Я сидел у окна, высунув голову на воздух, курил, подремывая, и слушал тяжелые жалобы.

— Сглодали жену мою они и меня сожрут, как свиньи капусту… Верно это, Василь…

Дьячок снова вынул бутылку, пососал вина, вытер бороду и, наклонясь над покойником, поцеловал его в лоб.

— Прощай, друже…

Обернулся ко мне, говоря с неожиданной ясностью и силой:

— Простой это был человек, незаметный в людях, как грач средь грачей, а был он не грач — белый голубь, и никто того не знал, только я… да!.. И вот — удалился он «от горькие работы фараони», а я — жив, но при смерти душа моя, «истягоша ю и оплеваша врази мои».

— Большое горе у вас?

Он ответил не сразу и глухо:

— Горя у всех больше, чем надо… и у меня столько ж! Твое дойдет до тебя.

Споткнувшись о свою же ногу, он навалился на меня, говоря:

— Петь мне хочется, а — нельзя того, побудишь людей, станут лаять. Ну, всё ж таки очень хочется петь! И негромко загудел в ухо мне:

Кому повем печаль мою?
Кому я скорби воспою?
Кто р-рук-ку…

Жесткие волосы бороды щекотали мне шею, я отклонился.

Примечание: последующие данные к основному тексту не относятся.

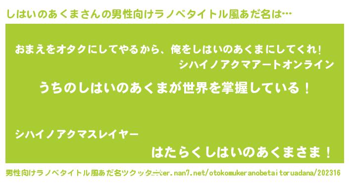 | ヒーロー風カッコイイあだ名 | 『天空の使者しはいのあくま』 |

— Не любишь? Ну, чёрт с тобой, дрыхни…

— Да вы же щекотите меня бородой…

— Что ж — обриться для тебя, сахар?

Он сел на пол, подумал, посопел и сердито приказал:

— Ну, читай, а я лягу спать. Да гляди не убеги с книгой, это книга церковная! Дорогая. Знаю я вас, голодранцев! Что вы бегаете везде, зачем ходите? А — в конце концов — ходите куда тянет! Иди и ты. И скажи — погиб дьячок, скажи кому-нибудь хорошему, кто пожалеет. Диомид Кубасов, дьячок, — это я, — совсем и без возврата…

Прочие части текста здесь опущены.